On being mobbed

The account of an ongoing bid to harass a legal tenant out of her Seattle neighborhood


Infrastructure crimes: Mobbing with interference; extraction by heat (part 3)

In which speaker crimes give way to crimes of infrastructure

It didn’t start all at once. It didn’t start that way for me. I remember picking up the phone to make a call, the voices of the south mobbing house owner and his then-girlfriend popping up. “Oh! It must be a party line!” they exclaimed, giggling and tittering between themselves. I remember the odd way they came on the line. It sounded like a recording on playback.
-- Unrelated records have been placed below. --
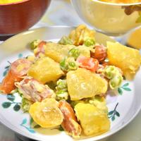 - 3 じゃがいもは一口大に切ります。耐熱ボウルに移し、ふんわりラップをかけて、600Wの電子レンジで5分程、竹串が通るまで加熱し、粗熱を取ります。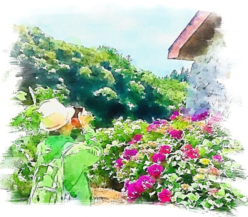 폭우 쏟아진 뒤 엉또폭포 오가는 길에 수국 가득 핀 어느 카페/감귤농장이 있는 엉또산장에도 수국꽃 지천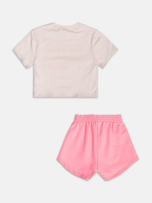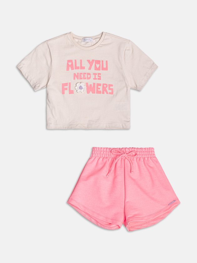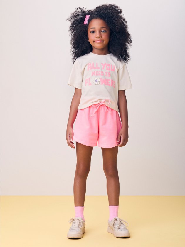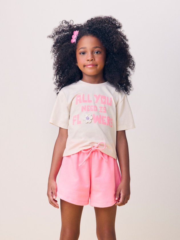 Cheio de charme e detalhes especiais! A blusa traz aplique de florzinhas em crochê, com acabamento delicado e laço aplicado no centro, que adiciona um toque artesanal e encantador. O short em tom coordenado complementa o visual com muito conforto e estilo.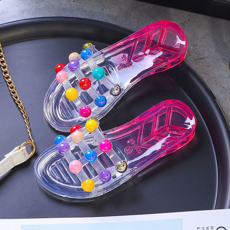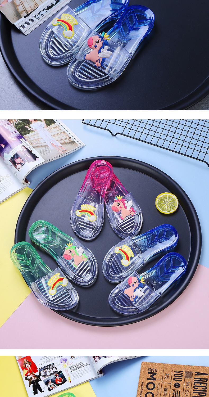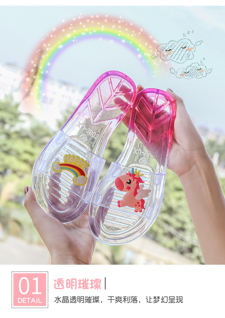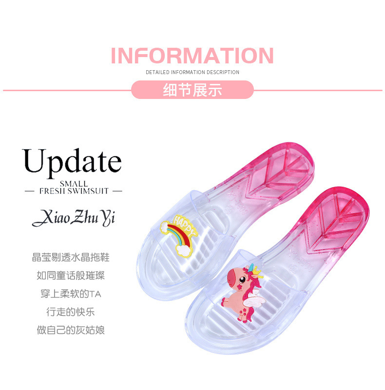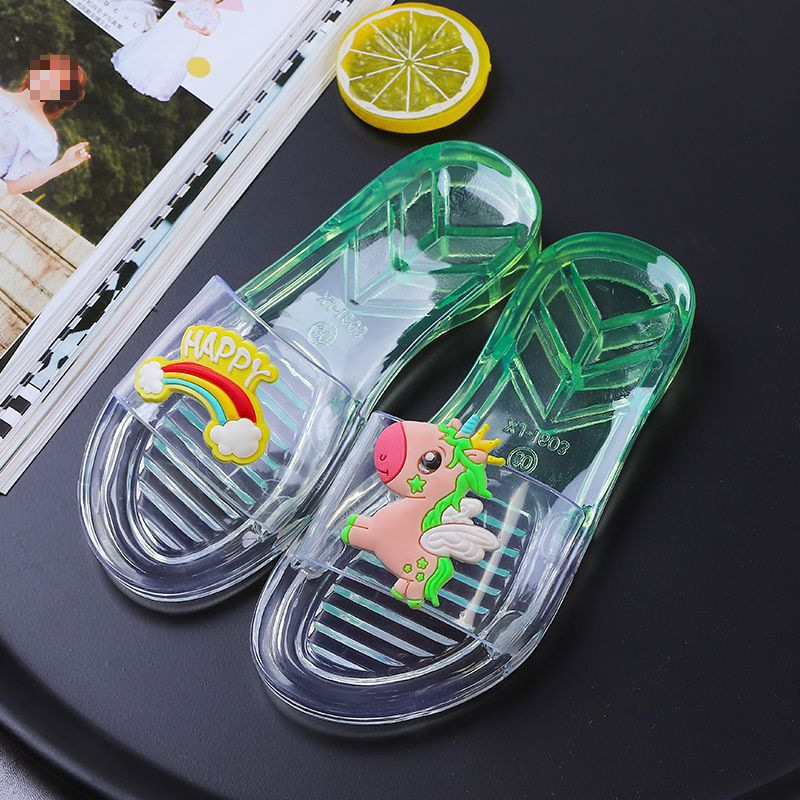 어린이 슬리퍼 부모-어린이 소녀의 유행 경고 소프트 하단 슬라이드 소녀 크리스탈 투명 플랫 샌들 여름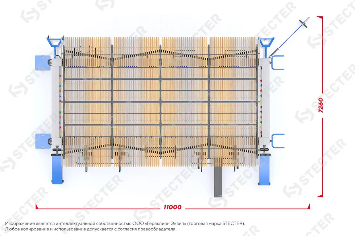 - Препятствие «Тропа альпиниста» - препятствие содержит зацепы: классические для альпинистов и планки с различными углами наклона. Все зацепы находятся по периметру внутри несущего каркаса рамы. Общая длина 1 круга препятствия составляет 22 метра. Количество - 1 шт.

The opening shots in the mobbing employed the pretext of innocent errors or accidents of technology. The mobbers’ curtain might be pulled back more easily for those with a bit of awareness of how early hackers phone-phreaked Ma Bell, as I mentioned a few years back (Minimize attack surface by inhibiting function, Radiohead: Cell phones are radios; mobbing is radio-based harassment (part 2)). But having some inkling of what mobbers do or how they do what they do doesn’t stop them from doing it, not without a responsive and savvy police department whose officers don’t ignore what they don’t understand. The mobbers took my devices one or two at a time, almost as though they were testing for my response or watching to learn what they’d have to do and how far they’d have to go, as though they sought to mitigate risk while taking it. The cordless phone may have been the easiest way in.

This was one of the first signs that signal hacking was in play. Cordless phones use radios to transmit. Over the years a number of frequencies have been allocated for their use, including the 2.4GHz band extended in 1998. As WiFi took hold and the noise increased on the band, the 5.8GHz band was allocated for the use of cordless phones in 2003. I don’t know what frequency was used by the cordless phone that the south mobbing house owner and his cronies made into a party line; I disconnected it and threw it into a bag in the garage.

The mobbers use any device that will transport a pressure wave. These days since I started sleeping in the concrete-lined basement story, they even seem to play with the water table. Mobbers use devices of many kinds to interfere with property rights and lease rights too, whether implemented in strategy or on the hardware level. But one way or another, in the garden or under the foundation, the goal of these incursions is encroachment. Manspreading is one way to get there.

Ω

Manspreading at the network edge

Protocol capabilities are an important consideration in mobbing strategy and in the selection of a mobbing device. This is true whether the device is mobile, onsite at the enterprise, or installed over the property line. But without connectivity, protocols can’t handshake. You need to handshake to create a communication channel. Even a smartphone requires a connection.

In mobbing, connectivity is access—access to the property to be acquired, to the network of the victim, and to the victim herself. Beamformers shape network packets; you need throughput to get them there. When an adverse possession lawsuit isn’t tenable or the ground war is stalled, mobbers lift-and-shift to the network. This is how they stake their claim.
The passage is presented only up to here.